After six years of extensive research, Muruganantham invented a low-cost sanitary pad making machine that could manufacture sanitary pads for less than a third of the cost of commercial pads, bringing about a revolution of sorts. His start-up company, Jayaashree Industries, has installed these machines in 26 of the 29 states of India. Muruganantham, once a workshop helper who lived below the poverty line, is now on a mission to make sure all women in India use sanitary pads instead of rags, leaves, and other unhygienic materials. What started as an attempt to impress his wife has earned him numerous awards and accolades.
This social entrepreneur, who studied till grade eight, has gone on to give lectures at many institutions including IIT Bombay, IIM Ahmedabad and Bangalore, and Harvard. He has also given a TED talk and his story was made into a documentary titled the Menstrual Man. In 2014, TIME magazine placed him in its list of 100 Most Influential People in the World. This year, he has been named the Business Leader of the Year by Confederation of Indian Industry and he is also the recipient of the much coveted Padma Shri given by the Indian Government.
But his journey has been far from easy. After the devastating feedback from his wife that his carefully fashioned pad was useless, he set out to make a better sanitary napkin. The only problem then was he couldn't wait a month for each feedback. So he approached medical college students to try the pads. Though some students agreed to test it, they often shied out from telling him what they thought of it. All they said was 'Yes', 'No', and 'Ok.' But that wasn't enough. There was only one thing to do now: He decided to test it himself.

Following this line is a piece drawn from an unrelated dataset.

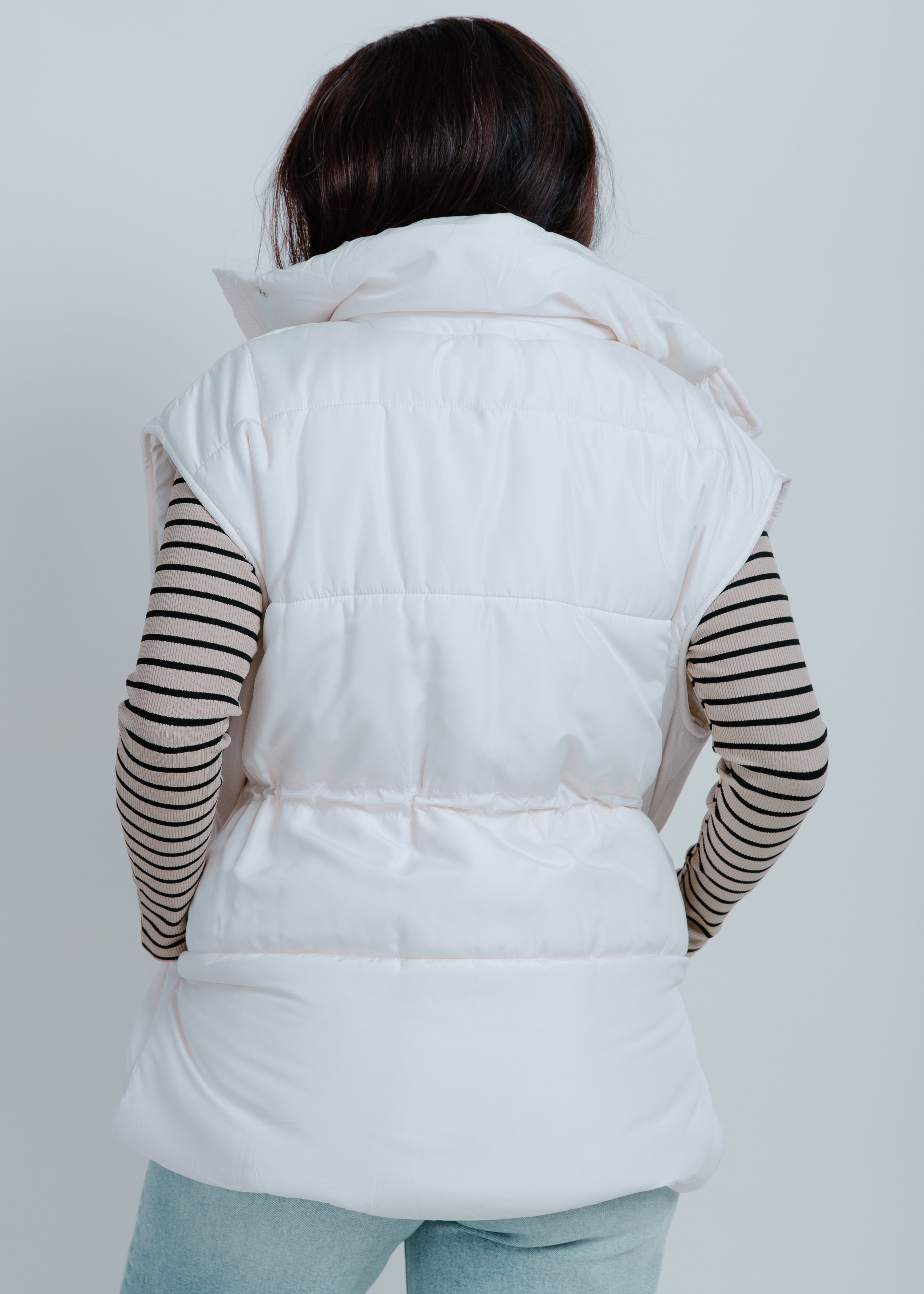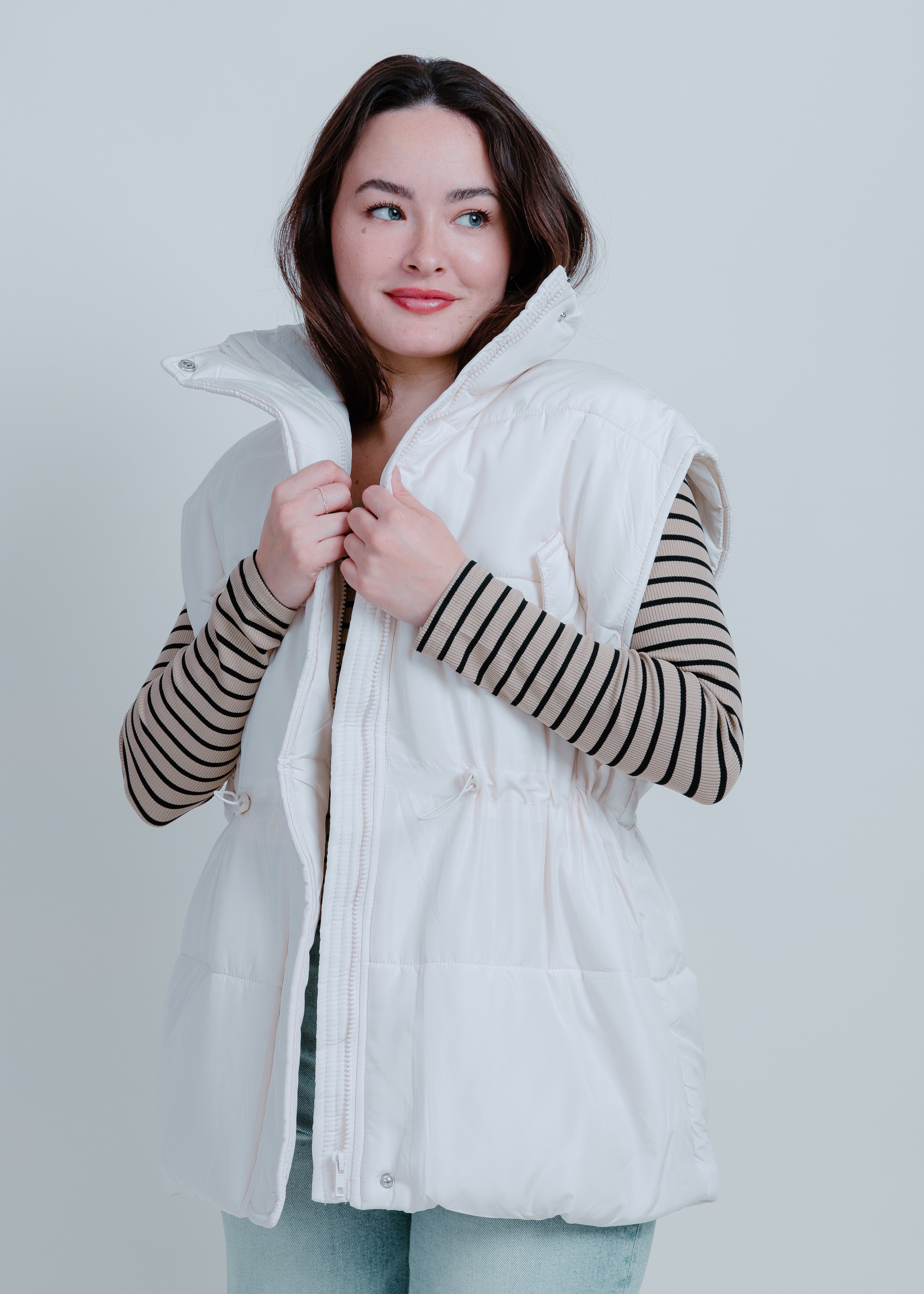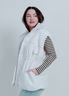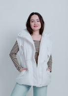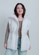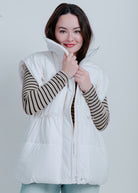 Stay warm and stylish with our Demi Oversized Puffer Vest! This white vest features a zip-up detail and convenient pockets, making it both fashionable and functional. Layer it over any outfit for a cozy and chic look.

Muruganantham thus became the first and only man to wear a sanitary pad. He created a 'uterus' for himself by punching a couple of holes in a plastic bladder and filling it with goat blood. He walked, cycled and ran with bladder strapped around his waist, under his clothes. He would press on it to make the blood ooze out to test his sanitary pad's absorption rates. His clothes would often be stained with blood and the smell around him was horrible. The result: Everyone is his village thought he had gone mad, or worse was a sociopath.
Menstruation has always been a hush-hush affair with women considered as untouchables during their 'time of the month'. Women choose not to discuss problems related to it and men, more often than not, ignore it completely regarding it as either 'dirty' or a taboo. And then there was Muruganantham who, at one point of time, started asking women for used sanitary napkins to study what locked the blood in those pads as compared to his cotton ones.
Shamed by his behavior and unable to justify it, his widowed mother and wife left him. His stubbornness to keep at it not only came at a huge personal cost but the villagers became convinced he was possessed by evil spirits and were all set to hang him upside down from a tree in a bid to cure him.
"I left my village to escape my fate but I didn't give up on my research," says Murganantham. He wanted to know what the sanitary pads were made of, so he sent them for laboratory analysis. But these tests were expensive so he donated blood and worked for three to four days straight to be able to fund his research. The reports that came back always said it was cotton but he knew from experience that cotton didn't work.
With the help of a college professor, he wrote to multinational companies asking them what was in the pads. "It was like asking Coke to give me their secret formula. Nobody provided any helpful answers," he says explaining how, in the end, he posed as a textile mill owner in Coimbatore who was thinking of getting into the business and requested for some samples. Sometime later, he received strange hardboards in the mail that he just tossed aside, thinking the companies were playing a cruel joke on him.
"The next morning the dog I was living with after my wife and mother left had scratched the board and there was this cotton like stuff poking out from it," says Muruganantham adding that he finally figured out that the hardboard was the bark of a certain type of pine tree and the substance oozing out of it was cellulose.
After almost two years of research, he finally knew what sanitary pads were made of but then there was a glitch. The machine required to breakdown the pine bark wood pulp into cellulose fibers cost thousands of dollars. Again, he decided to make his own. Another four years later, he succeeded in designing a simple machine that makes low-cost sanitary napkins. He now sells his machine to rural women and never to big corporations that have approached him time and again.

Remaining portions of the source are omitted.